There's a body of young artists tied to dealer-galleries where you could be reasonably sure the value of their work would stay sound, she says.
If you can't afford originals, don't lose hope.
"Limited edition prints are a very good way to start to collect, because they are affordable," says Deans.
You can find prints starting around $1500 or so, and while they don't often gain hugely they will increase in value if you buy carefully, says Deans.
"It's very democratic from the artist's point of view, because it does make their work available to the modest collector."
Prints are usually made in small batches and are not the same as reproductions, or posters signed by the artist.
Buy Low, Sell High
Is there such thing as getting a bargain when buying art?
Deans laughs. "Don't be so vulgar!"
But, yes, she says, it's possible. For example, there was a period when even the august Goldie fell out of favour.
If you pick something that's out of vogue right now it well might swing back around. The problem is there's inevitably going to be a certain amount of guesswork involved.
But there are also opportunities to get good deals for those who are clued-up and always on the hunt. With the sheer volume of art coming through auction houses, some don't get categorised where they should be. And you can always take advantage of others' misfortune if they are forced to auction.
Return on Investment
Industry veteran Warwick Henderson recently released a book titled Behind the Canvas - An insider's guide to the New Zealand art market.

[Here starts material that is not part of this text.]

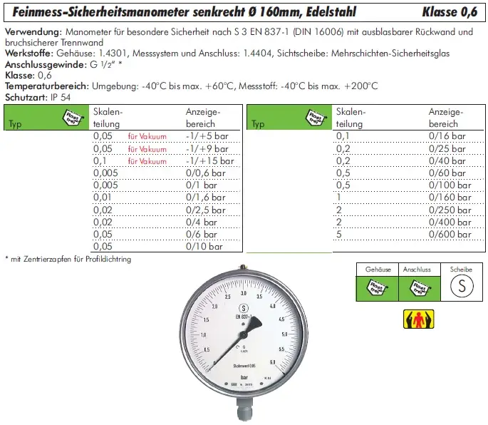 Verwendung: Manometer für besondere Sicherheit nach S 3 EN 837-1 (DIN 16006) mit ausblasbarer Rückwand und bruchsicherer Trennwand
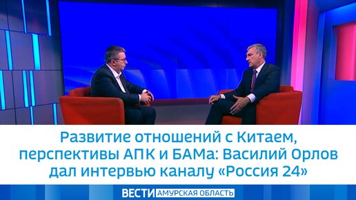 Развитие отношений с Китаем, перспективы АПК и БАМа: Василий Орлов дал интервью каналу "Россия 24"

It delves into the whole industry, yet almost everyone who's interviewed him has hounded him about investing. He graciously agrees to give his take on the subject yet again.
"If you're worried about economics, and indices, and returns and things, you're best off sticking to the sharemarket."

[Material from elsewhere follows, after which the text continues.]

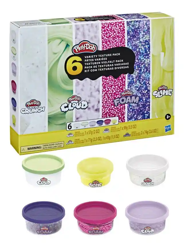 America Store te trae Masas Y Plastilinas Play-doh Pack De Texturas Variadas Hasbro Características destacadas Plastilinas Foam, Super Cloud, Crystal Crunch y Slime Siente la diversión Slime amarilla y Crystal Crunch blanca Super Cloud viene en color verde y en color morado claro 2 botes vienen con plastilina color rosado y multicolor Divertidos Colores y Texturas Resumen del producto Este set de plastilinas Foam, Super Cloud, Crystal Crunch y Play-Doh Slime incluye toda una variedad de divertidas texturas y colores para disfrutar. Es toda una fiesta para los ojos y las manos de los pequeños. También es un fabuloso regalo o juguete táctil para que los niños a partir de 3 años jueguen y compartan con otros.

While an internet search dredges up all kinds of figures purporting to measure returns, he's sceptical of the idea that you can predict annual returns with much accuracy.
"You can juggle figures any way you want."
Often a successful art 'investment' happens by accident rather than design, Henderson says.
He knows of one couple who were given a McCahon back in the day when they were cheap as chips. It sold for several hundred thousand dollars recently. They didn't even like it.
That's certainly not to say you can't buy sensibly to maximise the chance of protecting your money, but it can't be coolly calculated like a bank deposit.
Henderson says the ongoing reward you reap - or dividend, to extend our financial metaphor - is the thrill and enjoyment of owning art.
"With the knowledge also that if it's a serious New Zealand painting you'll at least get your money back, or close to it. If you double it, then that's a bonus," he says.
With the size and diversity of the market today, it's not too hard to find something that ticks all the boxes.
The message coming through from all our art boffins is that you must at least buy something that you personally connect with.
Otherwise it might just sit on your wall for all time, reminding you with every glance of the foolishness of trying to outfox a particularly fickle market.